Given material Block Start

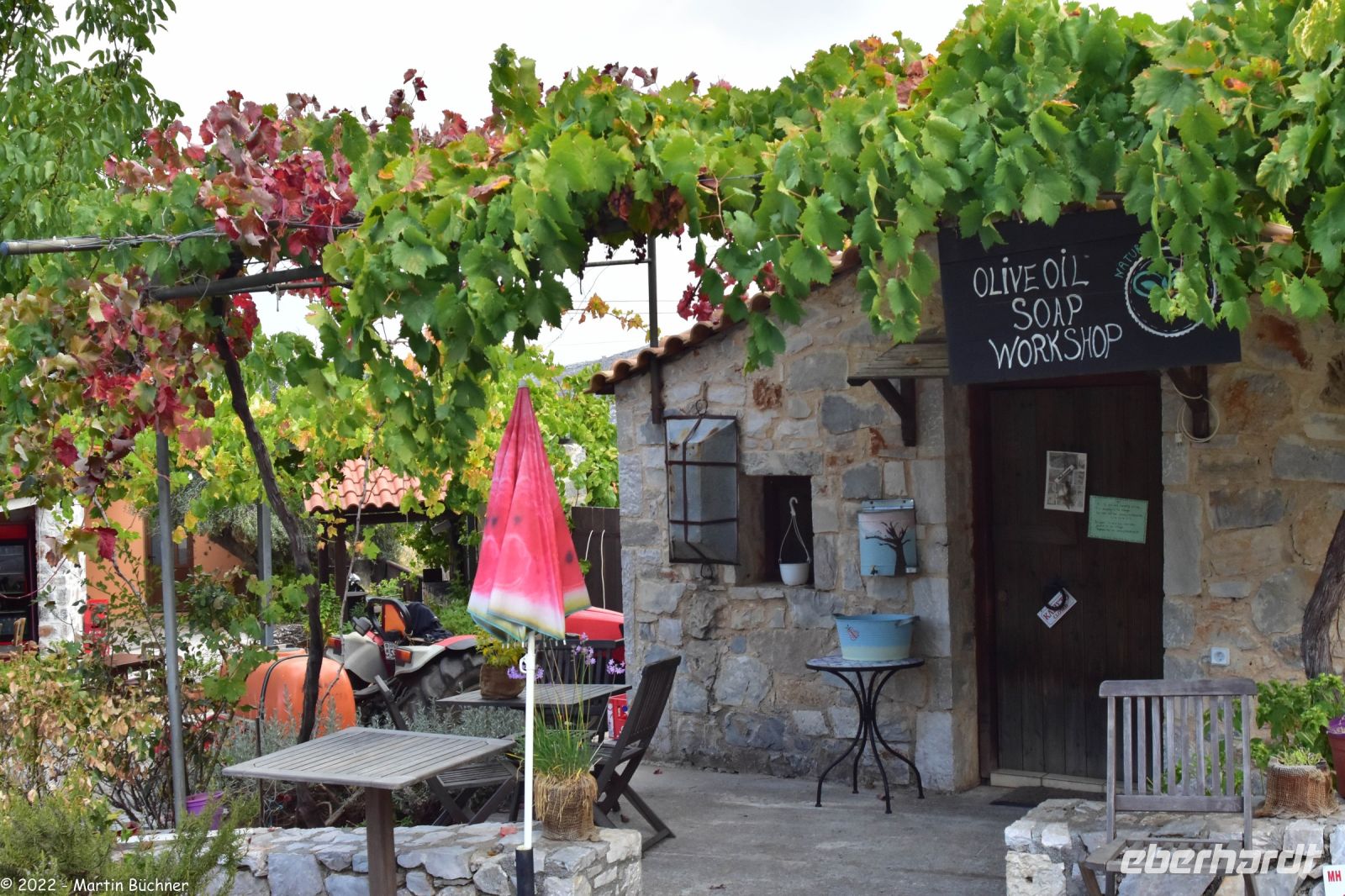 Am Nachmittag besuchen wir eine Ölmühle, in der zahlreiche Olivenprodukte produziert werden und natürlich kretisches Olivenöl auch verkostet wird. Interessante Erkenntnis: Es gibt zwei Olivenarten, von denen es jeweils diverse Sorten gibt. Im mitteleuropäischen Handel sind fast ausschließlich „die großen Oliven“ vorhanden, „die kleinen“ sind nahezu unbekannt. Genau diese kleinen Oliven liefern jedoch das weltberühmte Olivenöl.
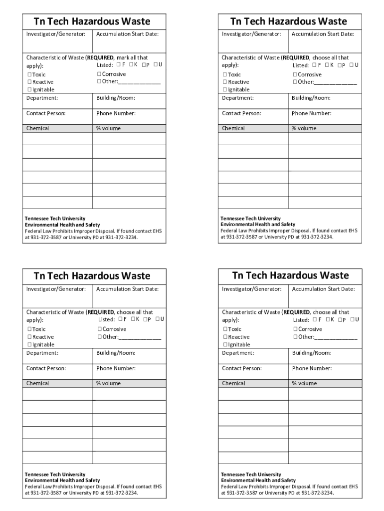 Any organization or individual who generates hazardous waste at tn tech facility needs to follow the proper procedures for handling and disposing of hazardous waste.
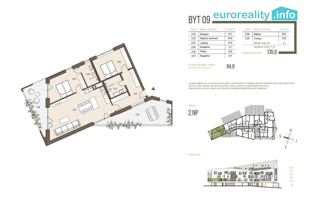 Celková užitná plocha bytu 94,9 m², balkónu 13,2 m² a terasy 21,6 m² zajišťuje pohodlné a prostorné bydlení. Se sklepní kójí o rozměru 6,2 m² činí celková plocha bytu 135,9 m². Apartmán je koncipován tak, aby byl maximálně funkční a zároveň esteticky přitažlivý. Balkon i terasa nabízí krásný výhled do okolní přírody, ideální pro relaxaci o víkendech či při večerním odpočinku.
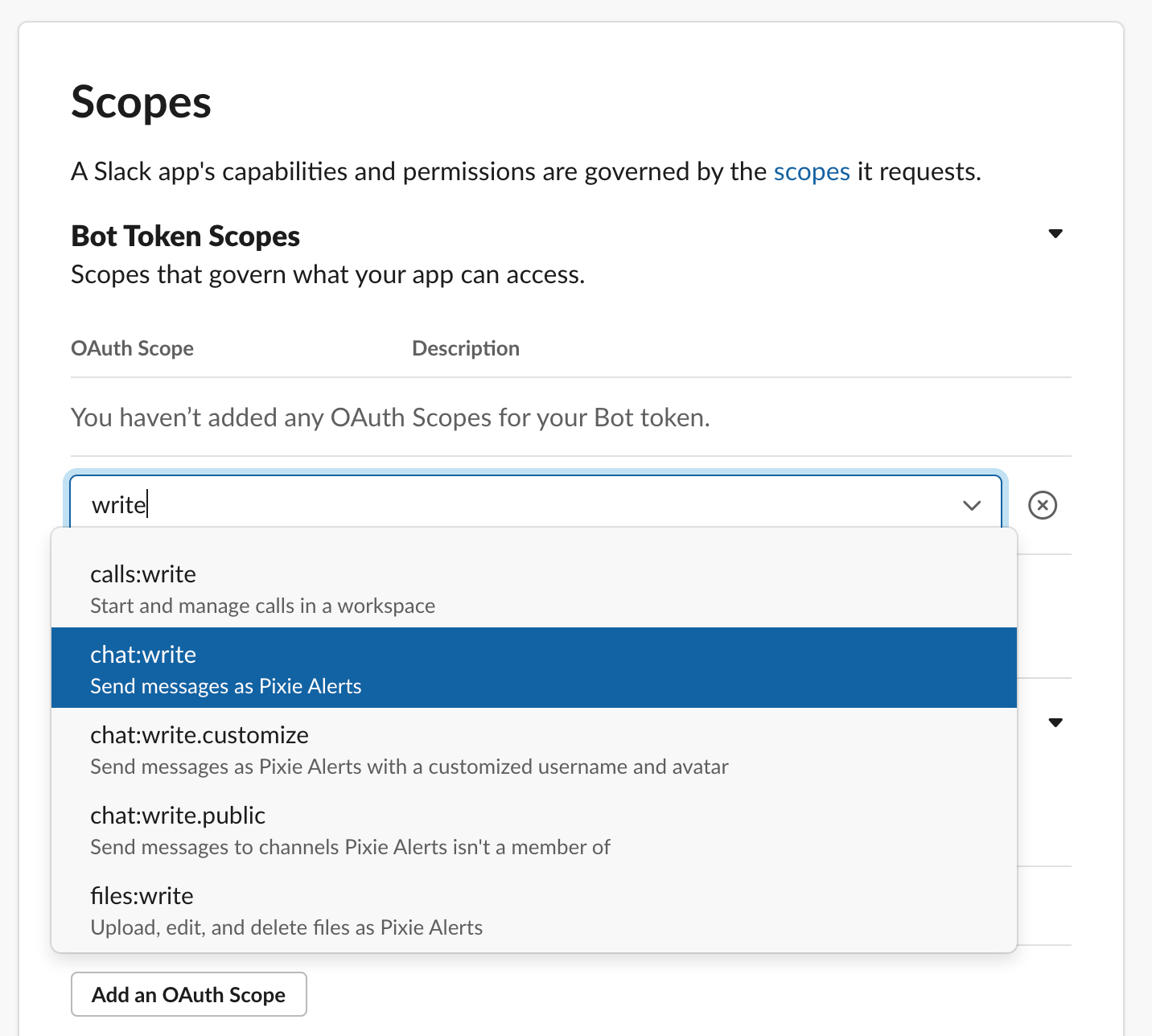 On the next page, scroll down to the Scopes section, select the Add an OAuth Scope button and then the chat:write option.

Given material Block End

Omitting the images, copy the listing exactly.

 Am Nachmittag besuchen wir eine Ölmühle, in der zahlreiche Olivenprodukte produziert werden und natürlich kretisches Olivenöl auch verkostet wird. Interessante Erkenntnis: Es gibt zwei Olivenarten, von denen es jeweils diverse Sorten gibt. Im mitteleuropäischen Handel sind fast ausschließlich „die großen Oliven“ vorhanden, „die kleinen“ sind nahezu unbekannt. Genau diese kleinen Oliven liefern jedoch das weltberühmte Olivenöl.
 Any organization or individual who generates hazardous waste at tn tech facility needs to follow the proper procedures for handling and disposing of hazardous waste.
 Celková užitná plocha bytu 94,9 m², balkónu 13,2 m² a terasy 21,6 m² zajišťuje pohodlné a prostorné bydlení. Se sklepní kójí o rozměru 6,2 m² činí celková plocha bytu 135,9 m². Apartmán je koncipován tak, aby byl maximálně funkční a zároveň esteticky přitažlivý. Balkon i terasa nabízí krásný výhled do okolní přírody, ideální pro relaxaci o víkendech či při večerním odpočinku.
 On the next page, scroll down to the Scopes section, select the Add an OAuth Scope button and then the chat:write option.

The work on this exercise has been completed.